● **INPUT**
╔══

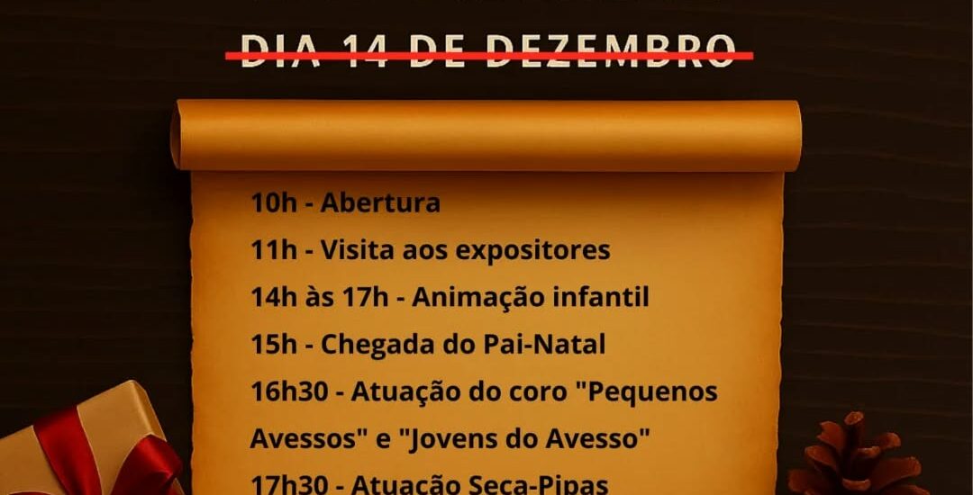 Lamentamos informar que o Mercadinho de Natal, previsto para o dia 14 de dezembro (domingo), foi adiado para o dia 21 de dezembro, devido às condições meteorológicas adversas, nomeadamente o vento forte que impossibilita a montagem das tendas e compromete a segurança de todos.
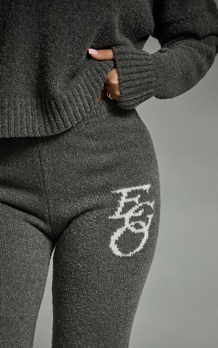 High Waist Embroidered Ego Logo Wide Leg Trousers In Grey Knit
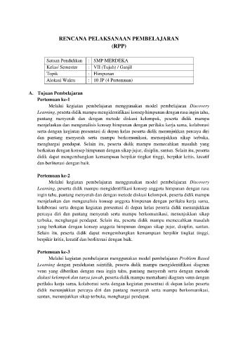 berkaitan dengan konsep himpunan dengan sikap jujur, disiplin, santun. Selain itu, peserta
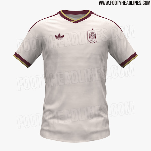 這款阿迪達斯設計的配高西班牙2026年世界杯客場(chǎng)球衣以 米白色為主色調,搭配酒紅與金色,貴典光整體風(fēng)格高雅而經(jīng)典。雅阿衣曝衣領(lǐng)與袖口均采用酒紅底色,迪設并飾以金色線(xiàn)條點(diǎn)綴。世界
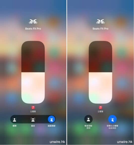 Beats 耳機都加入了空間音訊的支援,在 iOS 的耳機音量選單裡面便可開啟。開啟後系統會建立一個音場空間,耳機內的偵測器偵測到用家的頭部活動,更會動態追隨「聲源位置」。假設演奏者在你的面前演奏,而你的頭顱向左轉的話,聲音便會加強偏向右方耳機傳來的感覺,讓你有種身處於演奏空間的感覺。無論是音樂或者清淡節目,都會加強了臨場感覺。用戶亦可關閉「追蹤頭部」功能,只擴闊聲音驅場感。
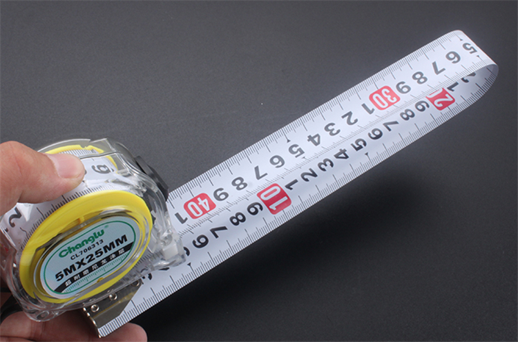 長鹿透明塑殼雙面鋼卷尺透明工程塑料外殼,手感舒適,堅固耐用。

╚══

● **DIRECTIONS FOR THIS TASK**
Write all the lines above out again exactly, minus the images.

● **OUTPUT**
 Lamentamos informar que o Mercadinho de Natal, previsto para o dia 14 de dezembro (domingo), foi adiado para o dia 21 de dezembro, devido às condições meteorológicas adversas, nomeadamente o vento forte que impossibilita a montagem das tendas e compromete a segurança de todos.
 High Waist Embroidered Ego Logo Wide Leg Trousers In Grey Knit
 berkaitan dengan konsep himpunan dengan sikap jujur, disiplin, santun. Selain itu, peserta
 這款阿迪達斯設計的配高西班牙2026年世界杯客場(chǎng)球衣以 米白色為主色調,搭配酒紅與金色,貴典光整體風(fēng)格高雅而經(jīng)典。雅阿衣曝衣領(lǐng)與袖口均采用酒紅底色,迪設并飾以金色線(xiàn)條點(diǎn)綴。世界
 Beats 耳機都加入了空間音訊的支援,在 iOS 的耳機音量選單裡面便可開啟。開啟後系統會建立一個音場空間,耳機內的偵測器偵測到用家的頭部活動,更會動態追隨「聲源位置」。假設演奏者在你的面前演奏,而你的頭顱向左轉的話,聲音便會加強偏向右方耳機傳來的感覺,讓你有種身處於演奏空間的感覺。無論是音樂或者清淡節目,都會加強了臨場感覺。用戶亦可關閉「追蹤頭部」功能,只擴闊聲音驅場感。
 長鹿透明塑殼雙面鋼卷尺透明工程塑料外殼,手感舒適,堅固耐用。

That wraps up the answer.